Given data ▸
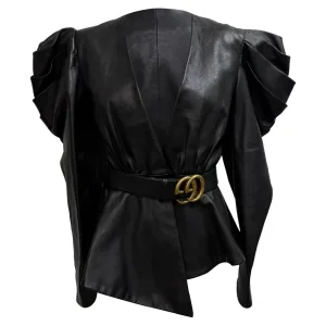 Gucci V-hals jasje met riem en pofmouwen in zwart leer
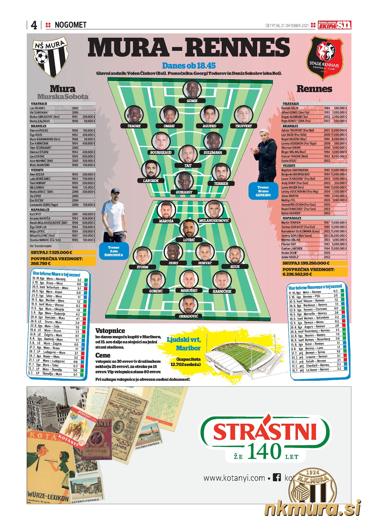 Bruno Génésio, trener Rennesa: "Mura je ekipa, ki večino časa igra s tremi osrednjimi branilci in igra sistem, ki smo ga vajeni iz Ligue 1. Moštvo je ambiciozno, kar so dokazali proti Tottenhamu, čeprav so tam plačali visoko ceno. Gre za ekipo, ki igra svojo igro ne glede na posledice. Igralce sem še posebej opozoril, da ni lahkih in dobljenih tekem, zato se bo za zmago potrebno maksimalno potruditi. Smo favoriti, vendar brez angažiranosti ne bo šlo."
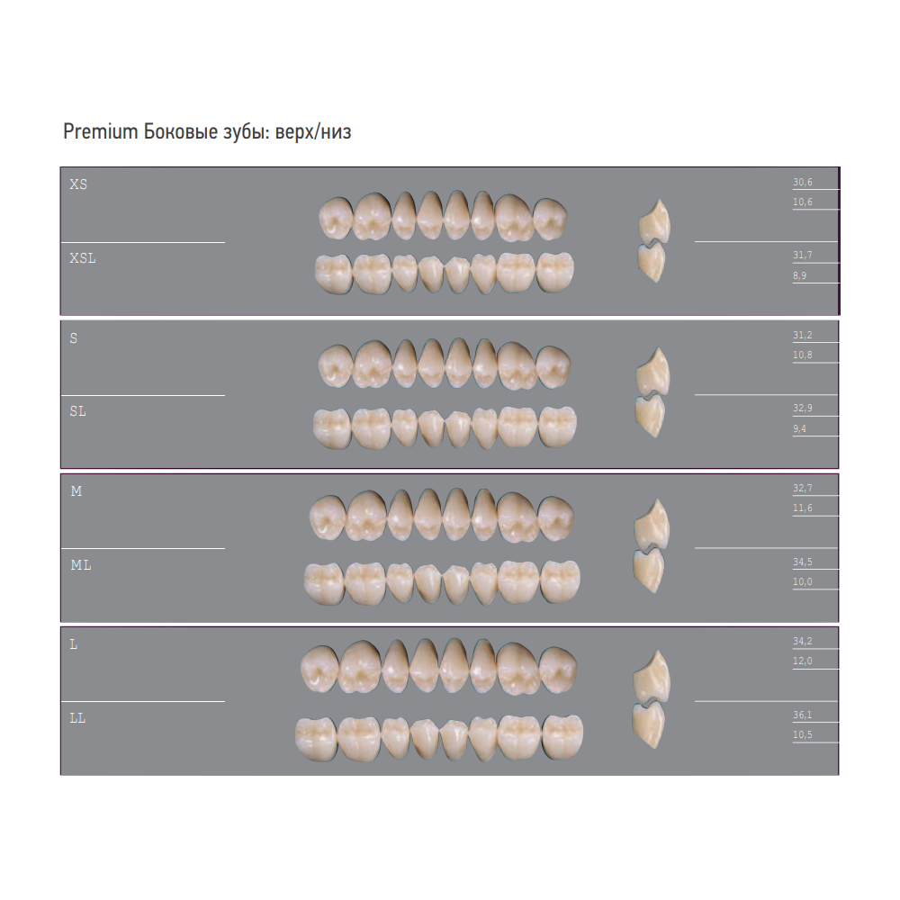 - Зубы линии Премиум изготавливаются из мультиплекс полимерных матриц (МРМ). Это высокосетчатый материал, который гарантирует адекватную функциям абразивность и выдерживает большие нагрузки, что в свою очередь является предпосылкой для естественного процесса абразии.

Work item ▸
If the listing above includes images, copy every line of it exactly except those images.

Final answer ▸
 Gucci V-hals jasje met riem en pofmouwen in zwart leer
 Bruno Génésio, trener Rennesa: "Mura je ekipa, ki večino časa igra s tremi osrednjimi branilci in igra sistem, ki smo ga vajeni iz Ligue 1. Moštvo je ambiciozno, kar so dokazali proti Tottenhamu, čeprav so tam plačali visoko ceno. Gre za ekipo, ki igra svojo igro ne glede na posledice. Igralce sem še posebej opozoril, da ni lahkih in dobljenih tekem, zato se bo za zmago potrebno maksimalno potruditi. Smo favoriti, vendar brez angažiranosti ne bo šlo."
 - Зубы линии Премиум изготавливаются из мультиплекс полимерных матриц (МРМ). Это высокосетчатый материал, который гарантирует адекватную функциям абразивность и выдерживает большие нагрузки, что в свою очередь является предпосылкой для естественного процесса абразии.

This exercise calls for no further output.